I was unfortunate enough to watch a few minutes of Paris Hilton's British Best Friend on ITV2 last week.
Now I know Paris by reputation but have never really watched anything she's been in. But a few minutes into this particular tent pole in the ITV2 schedule it became clear that there's so little going on between Paris's ears that if you slapped her head hard enough it would make that "pffft!" noise that an old CRT television does when you chuck a stone at it.
If you haven't heard of it, Paris Hilton's British Best Friend is basically a programme where a vacuous American somebody invites a group of vacuous British nobodies to compete for their friendship, something that no-one in their right mind would want in the first place and which should anyway happen organically if it happens at all.
The closest equivalent I can think of would be a show called Alan Sugar's Who Wants What I've Got? where Alan Sugar has a nasty bout of gastroenteritis and a group of mercenary young entrepreneurs compete for the chance to give Sir Alan a frenchie and thus catch the condition themselves.
When I originally heard about PHBBF, I had hoped it was some kind of Darwinian honey trap where anyone who walked through the doors of the audition room immediately fell through a trap door into a huge pit which would later be filled in with concrete for the greater good of humanity.
During the small section of the programme that I managed to endure, one sobbing wreck of a girl who on the brink of eviction was putting her case to a stoic (or possibly just catatonic) Paris to remain in the competition — “I just want it so much!” she whined.
Which is good because if we look back on our own experiences that's exactly how we choose our best friends, isn't it? Not the coolest, or the most charismatic, or the most loyal, or cleverist, or funniest person that also wants to be friends with us, but simply the person who wants it the most.
This is something that seems to come up again and again in reality shows, particularly the ones like X-Factor based on some loose notion of talent, this idea that if you want something badly enough you have a fundamental human right to have it.
If that were true, I would have spent the last twenty-five years living on a desert island with Janet Ellis playing with a fleet of remote control cars and drinking Slush Puppies every day.
In job interviews, when asked why I thought I was the best candidate for the job, it's never occurred to me to just say because I really, really want it.
“Well John, if I'm honest, we saw a number of people who were far more qualified and experienced than you, but none of them seemed to want it quite as badly, so congratulations!
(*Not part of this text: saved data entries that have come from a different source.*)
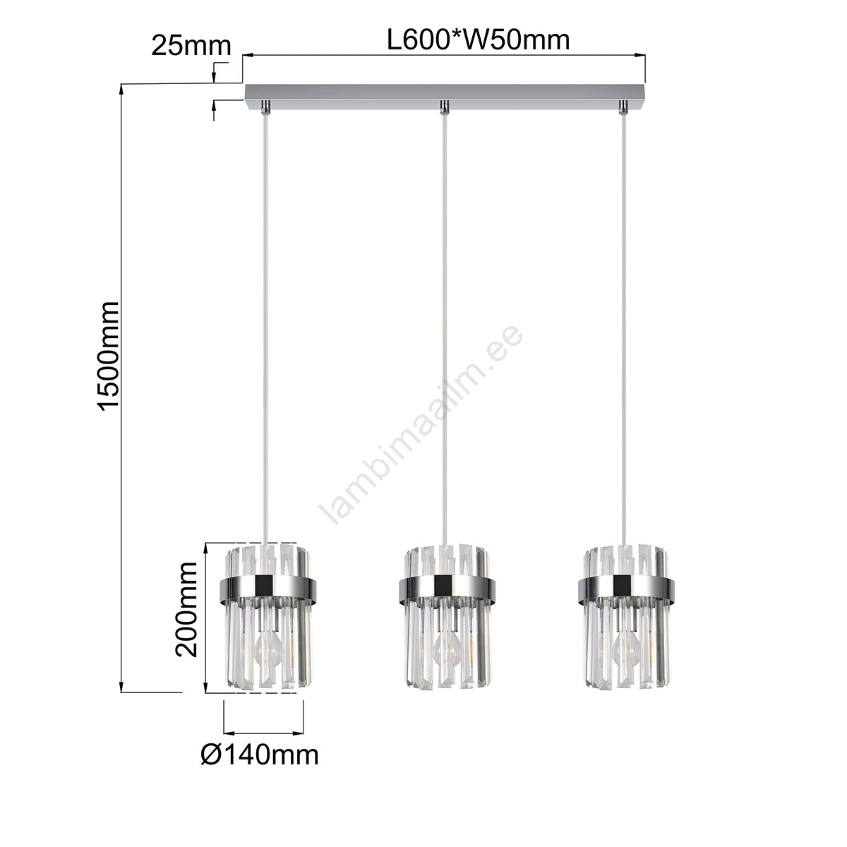• VETRO ripplühter kaablil 3xE14/10W/230V läikiv kroom
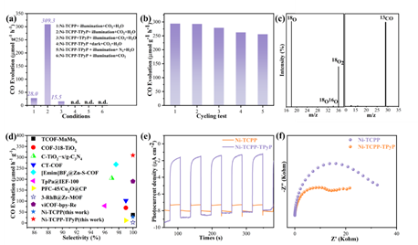 Ni-TCPP-TPyP表现出优异的光催化CO2还原活性,CO的生成速率最大可达到309.3 μmol g-1 h-1(选择性,∼100%),远高于单组分催化剂Ni-TCPP。对照实验和同位素标记实验表明CO2和H2O分别被用作还原半反应和氧化半反应的反应物(图2a和c)。Ni-TCPP-TPyP的催化活性在已报道的有机光催化剂中处于领先水平(图2d)。光电流响应测试和电化学阻抗谱测试表明氧化还原分子结在增强材料载流子传输方面发挥了关键作用。
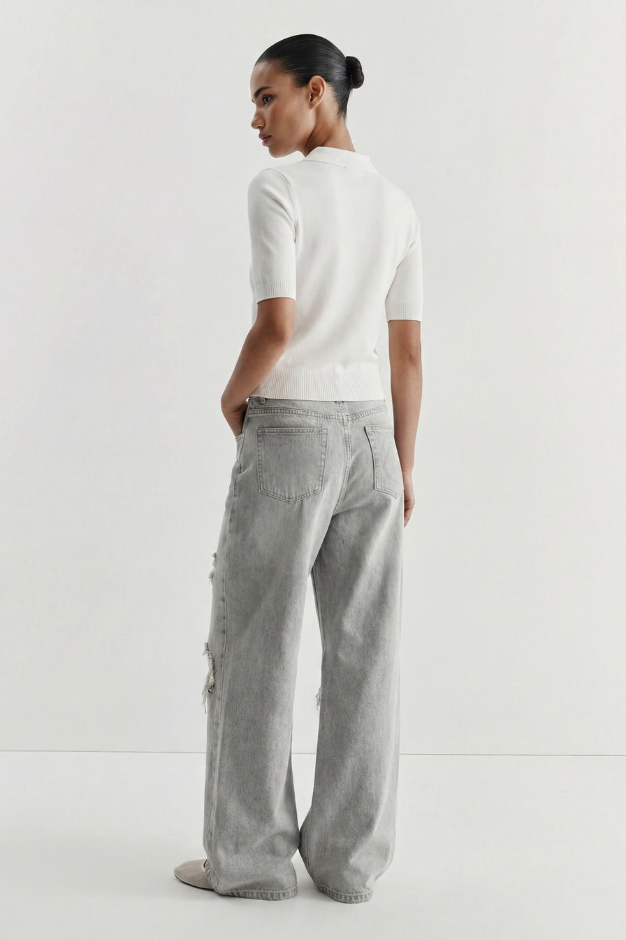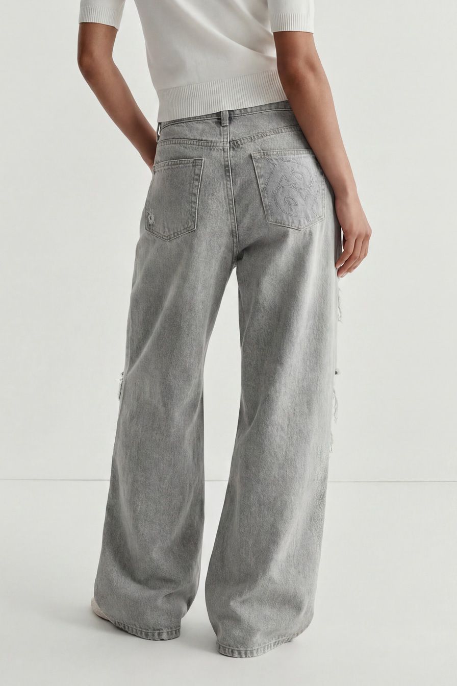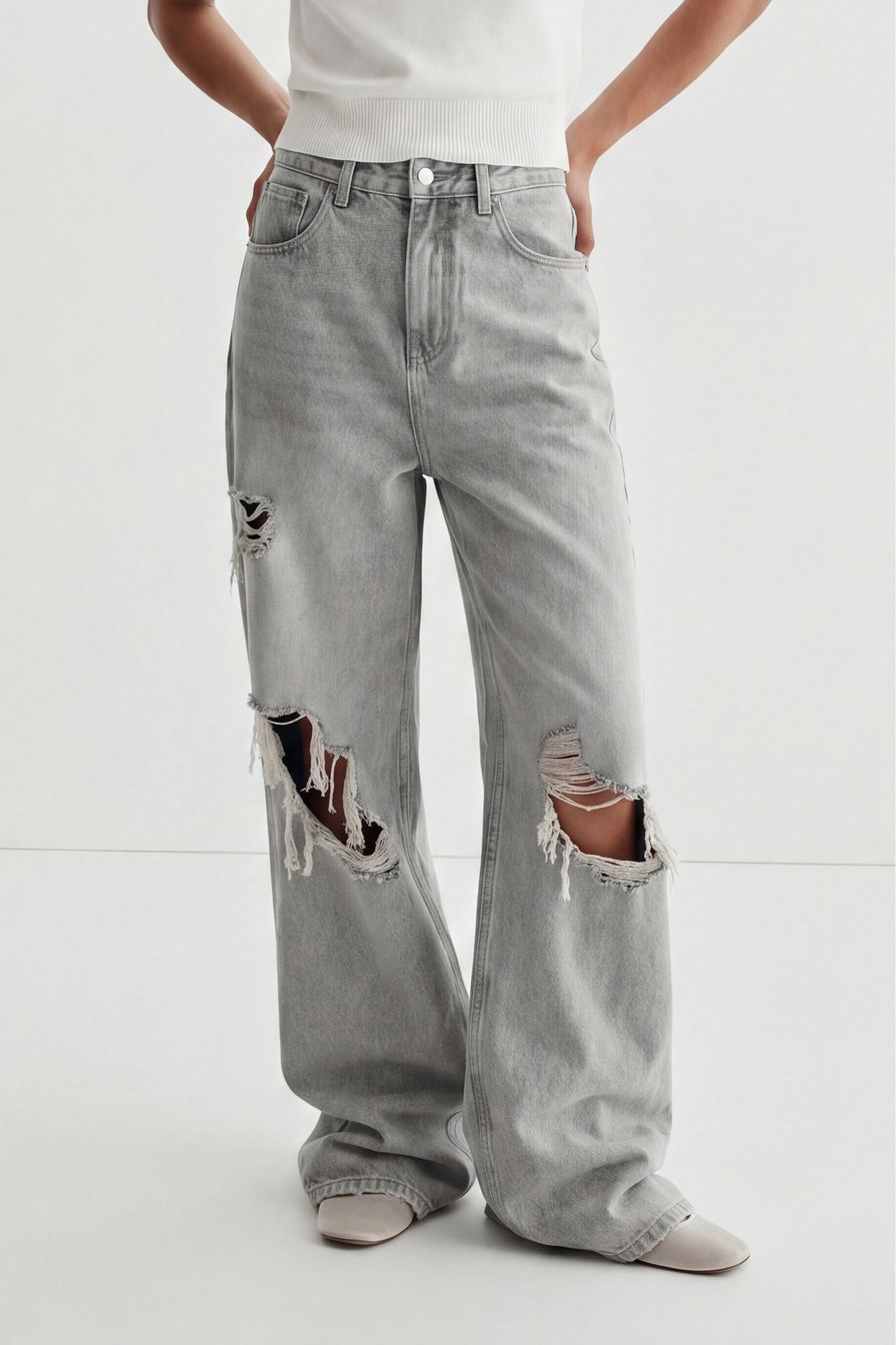 Широкие джинсы серого цвета выполнены из смесового хлопка, декорированы потертостями и разрезами в стиле гранж.

You're our new Client Services Director for Asia Pacific.”
Clearly this won't be the last time we have to endure this barely sentient rich kid on our screens so I thought I'd at least try to influence the precise form in which she might reappear and thus have come up with the following new reality shows for our Paris:
- Paris Hilton's ASBO Party Piñata — like a goose destined for a fois-gras processing plant, Paris is force-fed small toys and sweets and a group of blindfolded teenage delinquents has to hit her and each other with sticks until all the goodies are back out in the open
- I'm A Stick Of Celery, Get Me Out Of Here — Paris Hilton eats a stick of celery. We then watch the progress of the celery through her digestive system in real time via a series of micro-cameras implanted in her body until it finally emerges at the other end to be greeted by Davina McCall and a crowd of braying celebrity parasites, half of whom love the celery and half of whom hate it
- Paris Hilton's Kitchen Nightmares — Paris is given a large dose of LSD and then locked in the kitchen of a grotty council flat and filmed for the next 24 hours as she experiences increasingly intense waves of paranoid hallucinations...
- Paris Hilton's Solo Survivor — Paris is taken to a remote, barren island and... no actually that's it. She's just left there. No-one films it and no-one checks up on her.
If I put together a petition to send to ITV2, you'll all sign it, right?